By Michele Maatouk
Date: Thursday 20 Nov 2025
(Sharecast News) - Broker Shore Capital lifted its recommendation on CMC Markets to 'buy' from 'hold' on Thursday and upped its price target to 330p from 280p after the spread betting firm lifted its outlook for full-year net operating income following a better-than-expected first half.
CMC now expects net operating income to be about 10% ahead of current market expectations of £353.9m for FY2026.
Shore Capital said: "CMC has published interim results where the outlook is significantly better than we expected, whilst H2F is off to a strong start.
"Today's statement shows how the significant investment CMC has made over the past few years is now beginning to bear fruit in terms of earnings contribution, whilst showcasing CMC's impressive technological capabilities, which provide optionality for future growth."

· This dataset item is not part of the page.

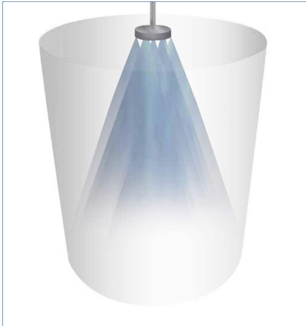
Schematic view of reactor

Please contact Lechler for available flow rates and spray angles.

Shore said it was making material upgrades to its forecast after the interims.
For FY2026, Shore now expects trading net revenue of £293.7m, up from an estimate of £254.8m previously. It lifted its forecast for total revenue to £388.7m from £355.3m and its forecast for adjusted pre-tax profit by 25% to £118.3m.
For FY2027, it lifted its estimate for trading net revenue by 17% to £310.8m and its forecast for total revenue by 11% to £412.3m. It now expects adjusted pre-tax profit of £126.9m, up from £101.m.
Shore said the share price performance over the past year has been disappointing, which is a reflection of delays in CMC's ability to monetise the significant investment it has made over the past few years and poor management of earnings expectations, which has resulted in an extended period of downgrades.
"As this investment finally begins to bear fruit, we model higher revenue, which drives material EPS and DPS upgrades. The B2B partnership pipeline suggests scope for further upside in our revenue forecasts, so we tentatively ask ourselves if CMC is once again in the foothills of an EPS upgrade cycle?
"On our revised forecasts, CMC trades on a 12m forward P/E of circa 6x with dividend yield more than 7%, making it the lowest rated of the UK-listed leveraged trading stocks."
At 1250 GMT, CMC shares were up 28% at 265.50p.